UK Parliament / Open data

Investigatory Powers (Amendment) Bill [HL]

My Lords, I thank noble Lords for this short debate and the scrutiny on these important issues. First, I will address Amendments 15

and 16 tabled by the noble Lord, Lord West of Spithead, which seek to remove Clause 13 and the Schedule from the Bill. We have covered some of the same ground as we did in Committee, and I am afraid that much of my response will make similar points to those I made then. However, I can appreciate why he has raised the points he made about these provisions, and I hope that I can still provide him with assurance on why these measures are needed and proportionate.

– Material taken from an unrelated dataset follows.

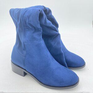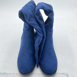 Navy Women Classic Block Low Heel Closed Toe Pull On Thigh Over The Thigh Boots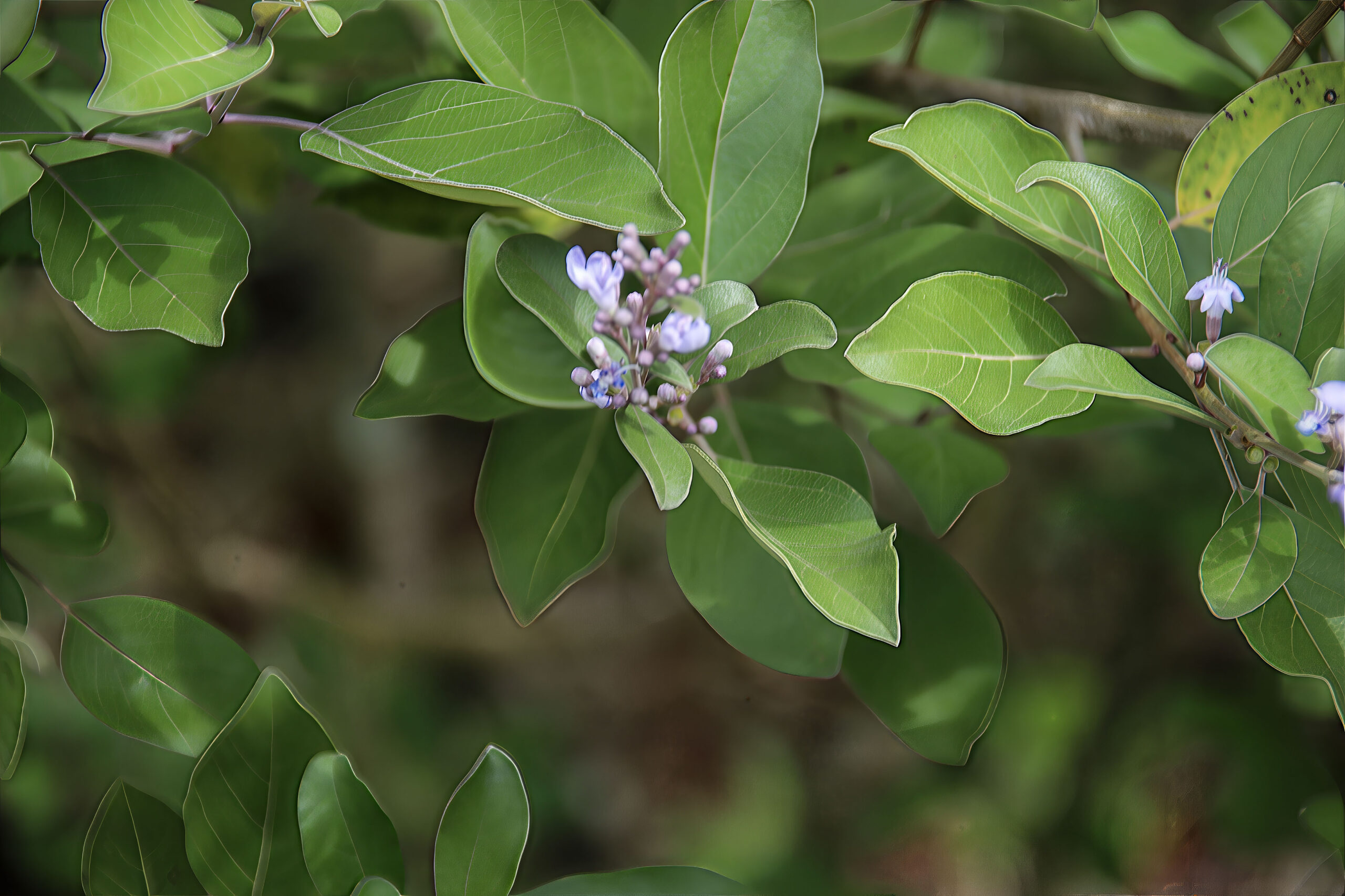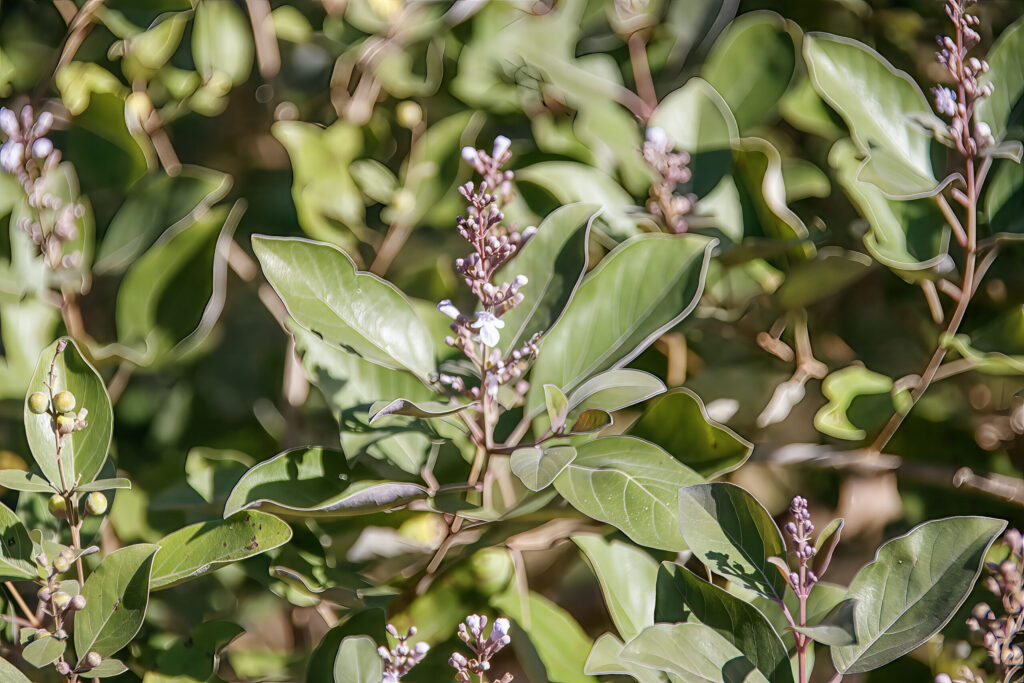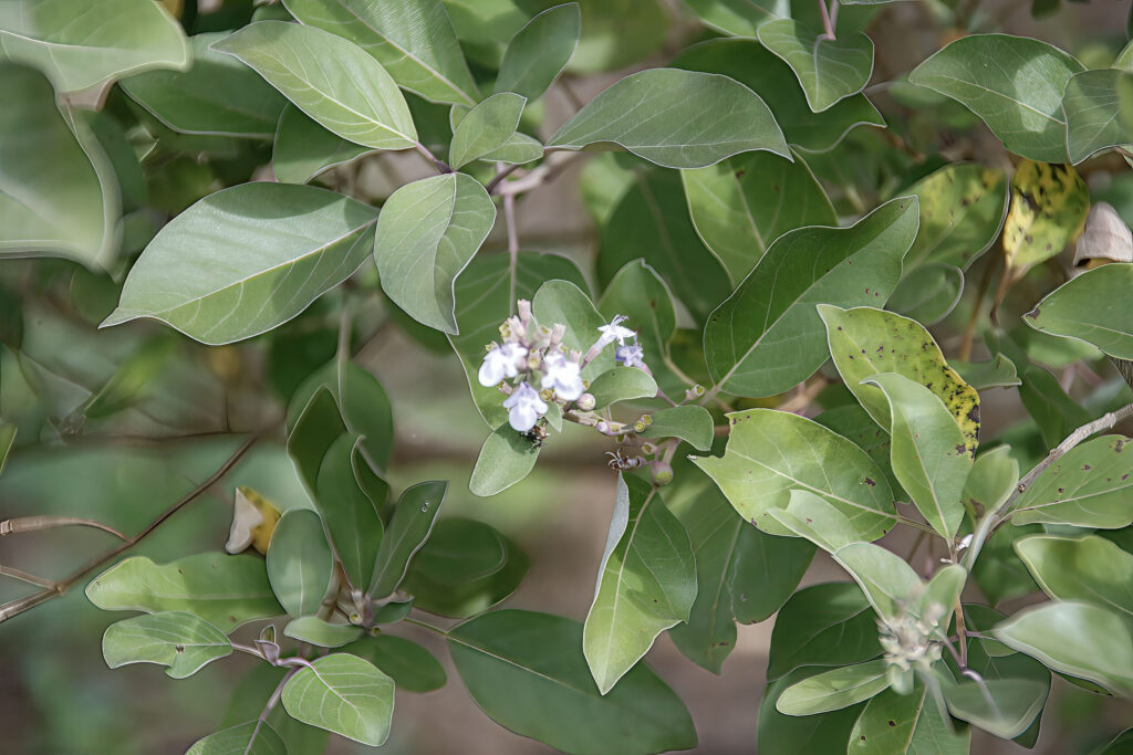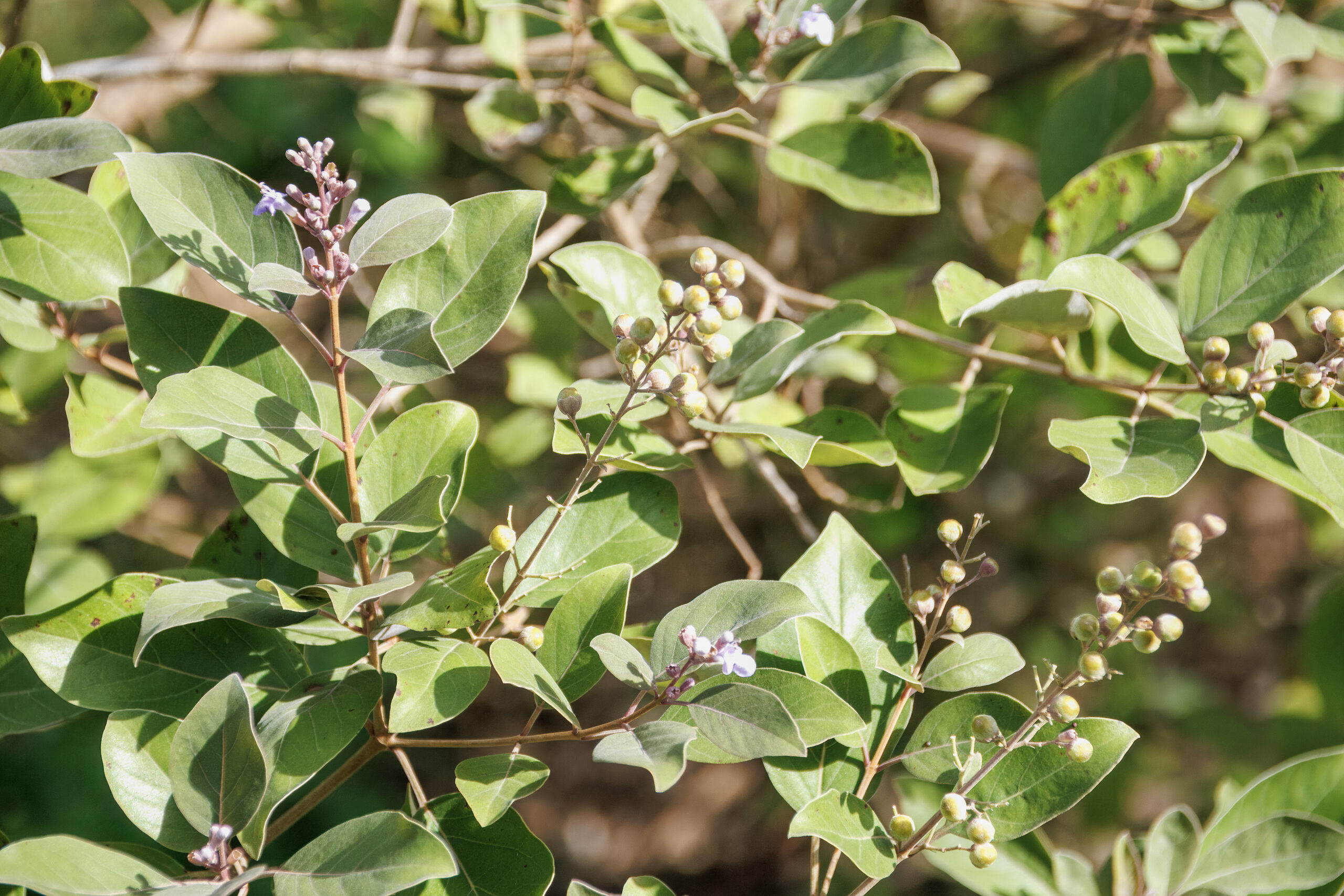 Vitex trifolia often grows near coastal habitats, roadsides, and disturbed areas; fast-growing and salt-tolerant

As the Government have been clear, the purpose of Clause 13 is to ensure that bodies with regulatory or supervisory functions are not inhibited from performing the roles expected of them by Parliament. It restores their pre-existing statutory powers to acquire CD in support of those functions. When the IPA was passed in 2016—under the expert stewardship of the noble Lord’s fellow ISC member in the other place, the right honourable Member for South Holland and The Deepings—it made specific provision, at Section 61(7)(f) and (j) respectively, for the acquisition of CD for the purposes of taxation and oversight of financial services, markets and financial stability. The noble Lord and his fellow committee members have queried whether we are “unmaking” these measures in the 2016 Act through Clause 13 of the Bill. I would therefore like to put beyond doubt what has happened since then to lead us to this point of needing to refine rather than unmake these provisions.

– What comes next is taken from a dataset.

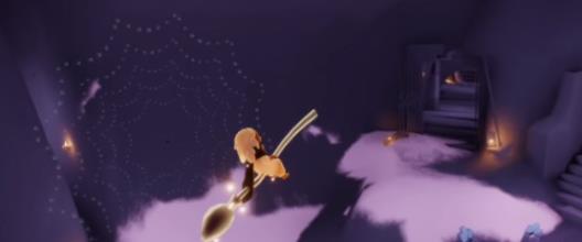 大厅里面空中的扫把是可以骑的,可以在大厅里面遨游。

Following the Tele2 and Watson judgment from the Court of Justice of the European Union in 2016, the Government took the opportunity to streamline the statute book, including but not limited to some changes in response to that judgment. This streamlining included the removal of the regulatory provisions contained in the IPA because, at that time, those public authorities with regulatory or supervisory functions were able to acquire the data they needed using their own information-gathering powers, and Section 12 of the IPA had not yet been commenced, removing many of those powers. The relevant data was outside of the provisions of the IPA at this time and therefore not considered to come within the definition of CD.

Since then, businesses have operated their services more and more online. This has meant that many have become, in part at least, telecommunications operators as defined by the IPA. As a consequence, growing amounts of the data that they collect—which regulatory and supervisory bodies would have previously been able to access using their own information-gathering powers—now fall within the IPA’s definition of CD. The effect of this is that public authorities are increasingly unable to acquire the CD that they need to perform their statutory civil or regulatory functions.

In summary, the IPA has been changed since it was commenced in 2016 to remove tax-related and financial stability-related powers to acquire CD and to introduce the serious crime threshold. Technology and society have moved on, with the result that more relevant data amounts to CD. Section 12 of the IPA has been commenced to remove general information powers. The combination of these changes has meant that public authorities are experiencing increased difficulty in carrying out their statutory functions. For example, the Financial Conduct Authority, His Majesty’s Revenue

& Customs and the Treasury are all examples of public authorities that already have the power to acquire CD using a Part 3 request but that may be unable to do so in the exercise of some of their functions as a result of the issue I have just set out.

These bodies perform a range of vital statutory functions using CD, including tackling breaches of sanctions regimes, enforcing the minimum wage and providing oversight of banking and financial markets. Schedule 4 to the IPA provides a list of public authorities that can acquire CD under Part 3 of the Act. The new definition of public authorities inserted by this clause will apply in the context of the sharing of CD between public authorities. This will include government departments and their arm’s-length bodies, and executive agencies administering public services. While data sharing between government entities is covered under other legislation including the Data Protection Act and GDPR, or under separate data-sharing agreements, its sharing for legitimate purposes should not be discouraged or prevented by the IPA.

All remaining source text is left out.